We used UK Biobank data on 3 03 887 individuals aged 40–69 years, with complete covariate data and valid lung function measures. Cross-sectional analyses examined associations of Land Use Regression-based estimates of particulate matter (PM2.5, PM10 and PMcoarse) and nitrogen dioxide (NO2) concentrations with forced expiratory volume in 1 s (FEV1), forced vital capacity (FVC), the FEV1/FVC ratio, and COPD (FEV1/FVC <lower limit of normal). Effect modification was investigated for sex, age, obesity, smoking status, household income, asthma status, and occupations previously linked to COPD.

Higher exposures to each pollutant were significantly associated with lower lung function.

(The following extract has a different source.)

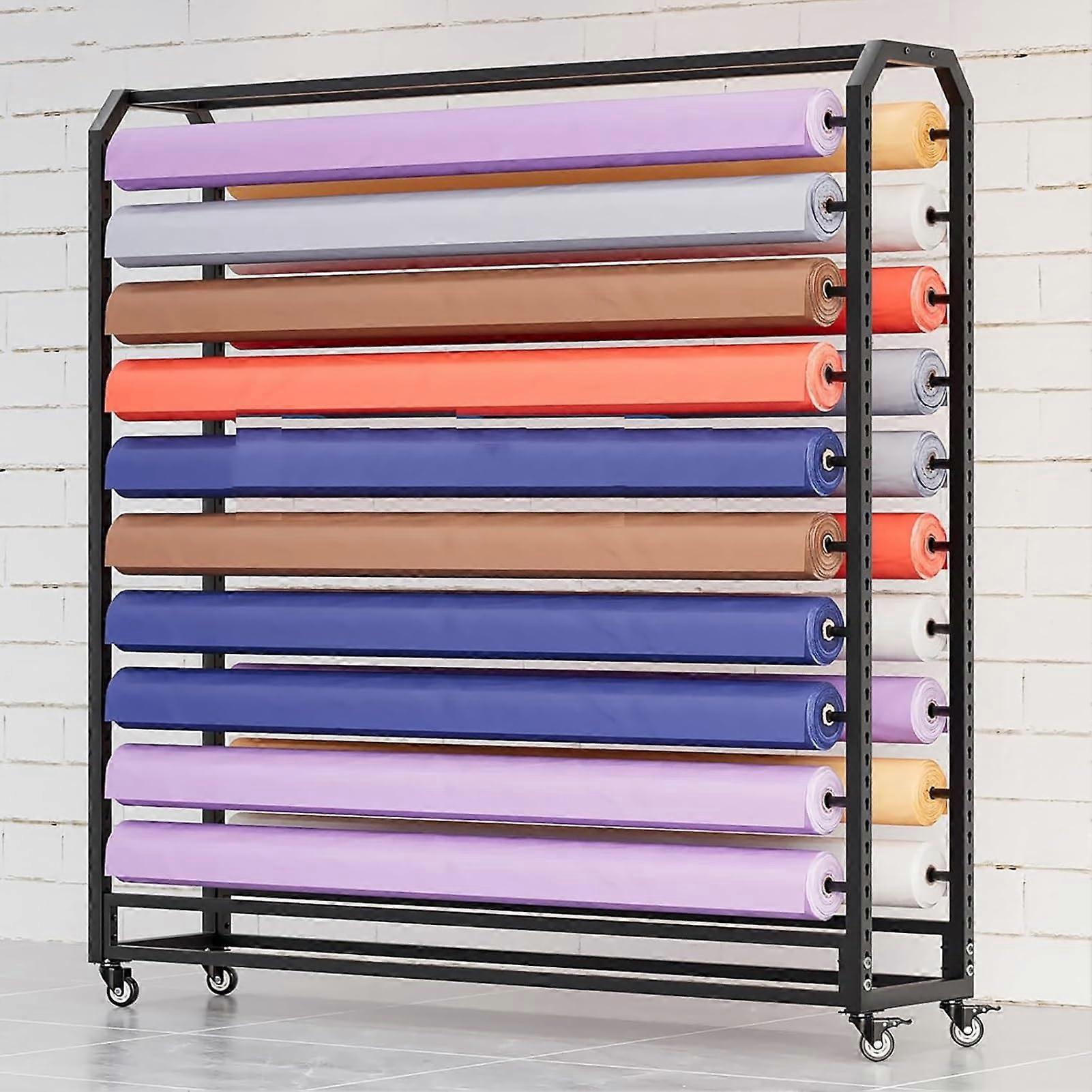 Heavy Duty Fabric Roll Storage Rack with Adjustable Rods and Lockable Wheels, 20 Rods, 145cm Wide

A 5 µg·m−3 increase in PM2.5 concentration was associated with lower FEV1 (−83.13 mL [95%CI: −92.50, −73.75]) and FVC (−62.62 mL [95%CI: −73.91, −51.32]). COPD prevalence was associated with higher concentrations of PM2.5 (OR 1.52 [95%CI: 1.42, 1.62], per 5 µg·m−3), PM10 (OR 1.08 [95%CI: 1.00, 1.16], per 5 µg·m−3), and NO2 (OR 1.12 [95%CI: 1.10, 1.14], per 10 µg·m−3), but not with PMcoarse. Stronger lung function associations were seen for males, individuals from lower income households, and “at-risk” occupations, and higher COPD associations for obese, lower income, and non-asthmatic participants.

Ambient air pollution was associated with lower lung function and increased COPD prevalence in this large study.

July 2 | 2019

Interaction between neighborhood walkability and traffic-related air pollution on hypertension and diabetes: The CANHEART cohort.

Howell NA, Tu JV, Moineddin R, Chen H, Chu A, Hystad P, Booth GL.

Environ Int. 2019 Jun 19:104799. DOI: 10.1016/j.envint.2019.04.070




Living in unwalkable neighborhoods has been associated with heightened risk for diabetes and hypertension. However, highly walkable environments may have higher concentrations of traffic-related air pollution, which may contribute to increased cardiovascular disease risk. We therefore aimed to assess how walkability and traffic-related air pollution jointly affect risk for hypertension and diabetes.


We used a cross-sectional, population-based sample of individuals aged 40-74 years residing in selected large urban centres in Ontario, Canada on January 1, 2008, assembled from administrative databases. Walkability and traffic-related air pollution (NO2) were assessed using validated tools and linked to individuals based on neighborhood of residence. Logistic regression was used to estimate adjusted associations between exposures and diagnoses of hypertension or diabetes accounting for potential confounders.


Overall, 2,496,458 individuals were included in our analyses. Low walkability was associated with higher odds of hypertension (lowest vs. highest quintile OR = 1.34, 95% CI: 1.32, 1.37) and diabetes (lowest vs. highest quintile OR = 1.25, 95% CI: 1.22, 1.29), while NO2exhibited similar trends (hypertension: OR = 1.09 per 10 p.p.b., 95% CI: 1.08, 1.10; diabetes: OR = 1.16, 95% CI: 1.14, 1.17). Significant interactions were identified between walkability and NO2 on risk for hypertension (p < 0.0001 and diabetes (p < 0.0001). At higher levels of pollution (40 p.p.b.), differences in the probability of hypertension (lowest vs. highest walkability quintile: 0.26 vs. 0.25) or diabetes (lowest vs. highest walkability quintile: 0.15 vs. 0.15) between highly walkable and unwalkable neighborhoods were diminished, compared to differences observed at lower levels of pollution (5 p.p.b.) (hypertension, lowest vs. highest walkability quintile: 0.21 vs. 0.13; diabetes, lowest vs. highest walkability quintile: 0.09 vs. 0.06).


Walkability and traffic-related air pollution interact to jointly predict risk for hypertension and diabetes. Although walkable neighborhoods appear to have beneficial effects, they may accentuate the harmful effects of air pollution on cardiovascular risk factors.